The VTOL X-Plane program began in 2013 with Phase 1 study contracts of $11M to 17M each to The Boeing Company, a Sikorsky Aircraft-Lockheed Martin team, Aurora Flight Sciences and Karem Aircraft (in descending order of contract size).

When the program was launched, DARPA program manager Dr. Ashish Bagai stated that DARPA was looking “to challenge industry and innovative engineers to concurrently push the envelope in four areas: speed, hover efficiency, cruise efficiency and useful load capacity” — in short, a step change in utility. Specifically, the design objectives for the technology demonstrator are: a cruise speed of 300- 400 kt (555-740 km/h); hover efficiency of 75% (up from 60% for a conventional helicopter); a cruise lift-to-drag ratio of at least 10 (up from 5-6); and a useful load of at least 40% of the vehicle’s gross weight of 10,000-12,000 lb (4.5-5.4 t).

Distributed Electric Propulsion

Aurora’s LightningStrike design uses distributed hybrid-electric propulsion — 24 ducted fans powered by an innovative synchronous electric-drive system. Both the wing and canard tilt for vertical take-off and landing. Aurora notes that “LightningStrike is the first aircraft in history designed to demonstrate” these key features, as well as the ability to maintain high efficiency in both hover and high-speed forward flight.

A Rolls-Royce AE 1107C turboshaft — the same T406 engine in the V-22 Osprey — is used, not for mechanical horsepower, but to drive three Honeywell International 1 MW (1,340 hp) electric generators; the total of 3 MW of electrical power is the equivalent of a typical commercial wind turbine. 18 ducted fans, providing relatively cool air, are integrated into the wing and six in the canards. Both the upper and lower surfaces of the box-like wings and canards provide lift in forward flight.

Rolls-Royce says that it will “contribute both proven components and innovative new technologies in turbo-electric distributed propulsion,” while Honeywell will “demonstrate technology that significantly improves electric power-generation efficiency, power density and size.”

The demonstrator’s triplex-redundant flight control system builds on Aurora’s Centaur and Orion optionally manned and unmanned aircraft platforms. Aurora built a one-fifth-scale model demonstrator that had been readied for flight testing last September at Naval Air Station Patuxent River, Maryland, but it was decided to delay the testing until Phase 2 began.

The full-scale X-Plane is designed to weigh 12,000 lb (5.4 t) with a 40% useful load: 3,000 lb (1360 kg) of fuel and 1,500 lb (680 kg) of payload, which is primarily flight-test instrumentation. Pending successful completion of key program milestones in Phase 2, Aurora plans to conduct the first flight tests of the full-scale technology demonstrator in the 2018 timeframe as part of Phase 3.

Radical Improvements

DARPA states that the VTOL X-Program “seeks to provide innovative cross-pollination between fixed-wing and rotary-wing technologies and develop and integrate novel subsystems to enable radical improvements in vertical and cruising flight capabilities.”
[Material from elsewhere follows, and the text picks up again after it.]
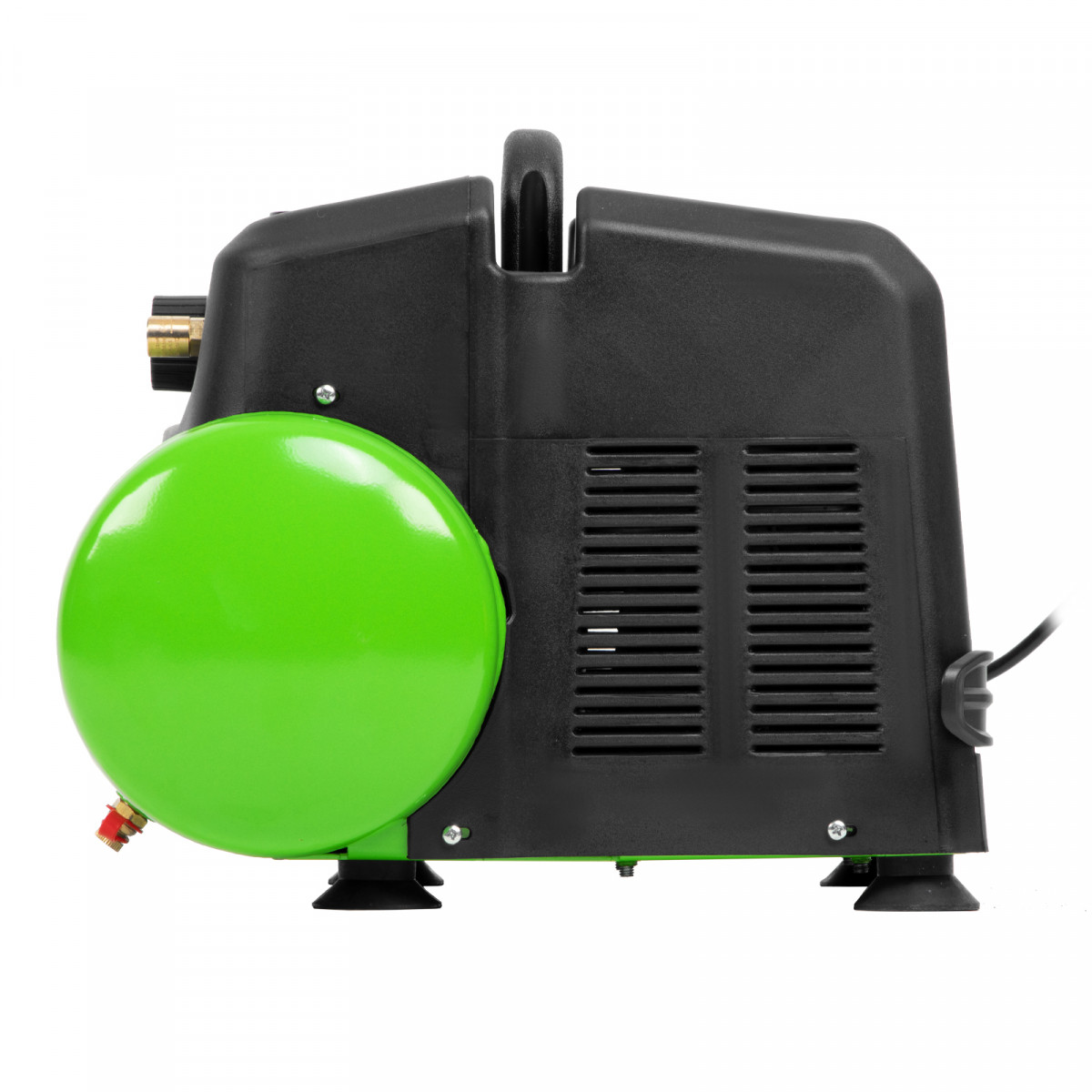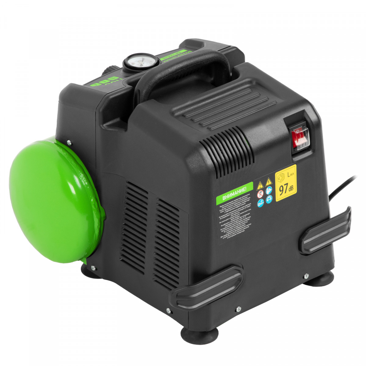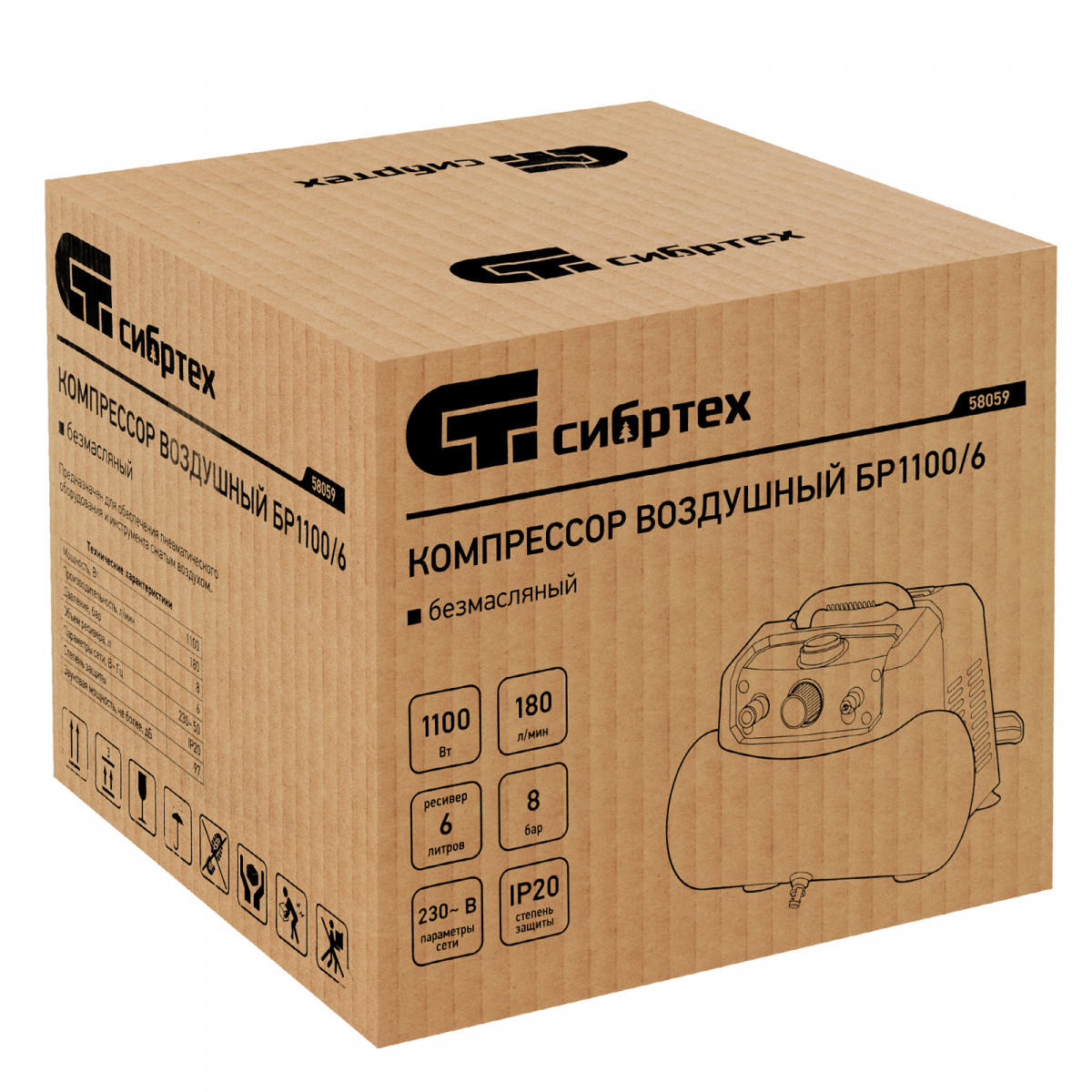 Воздушный безмасляный компрессор Сибртех BL 1100/6 58059 мощностью 1100 Вт, с ресивером емкостью 6 литров, служит для подачи сжатого воздуха под давлением до 8 бар со скоростью 180 л/мин. К нему можно подключить краскораспылитель, продувочный пистолет, заклепочник, пистолет для накачки шин и другой пневмоинструмент. Отсутствие масла делает компрессор оптимальным для выполнения покрасочных работ и продувки электронных компонентов. Устройство предназначено для бытового использования.,Одна из основных особенностей данной модели — компактность и удобство в перевозке. Компрессор отличается небольшим весом и дополнен эргономичной транспортировочной ручкой.

Bagai notes that Aurora’s unique design is only possible through advances in technology over the past 60 years, in fields such as air vehicle and aeromechanics design and testing, adaptive and reconfigurable control systems and highly integrated designs. Aurora’s distributed propulsion concept would be impossible with a classical mechanical drive system.

Aurora’s Phase 2 design addresses many longstanding technical obstacles, the biggest of which is that the design characteristics that enable good hovering capabilities are completely different from those that enable fast forward flight. According to DARPA, among the revolutionary design advances to be incorporated in the LightningStrike technology demonstrator are: electric power generation and distribution systems to enable multiple fans and transmission-agnostic air vehicle designs; a modularized, cellular aerodynamic wing design with integrated propulsion to enable the wings to perform efficiently in forward flight, hover and when transitioning between them; and overactuated flight control systems that can change the thrust of each fan to increase maneuverability and efficiency.

The Manassas, Virginia-based Aurora began as an unmanned aircraft system (UAS) developer and composite structures supplier, but today is also recognized as an innovator in composite aerostructures and in the vertical flight industry (see “A Composite View,” Vertiflite, March/April 2013). The company received the AHS Robert L. Pinckney Award in 2015 for building  the S-97 Raider helicopter fuselage and the 2013 AHS Supplier Excellence Award for “flawless execution of main rotor pylon design and nacelle fabrication for the Sikorsky Aircraft/U.S. Marine Corps CH-53K.”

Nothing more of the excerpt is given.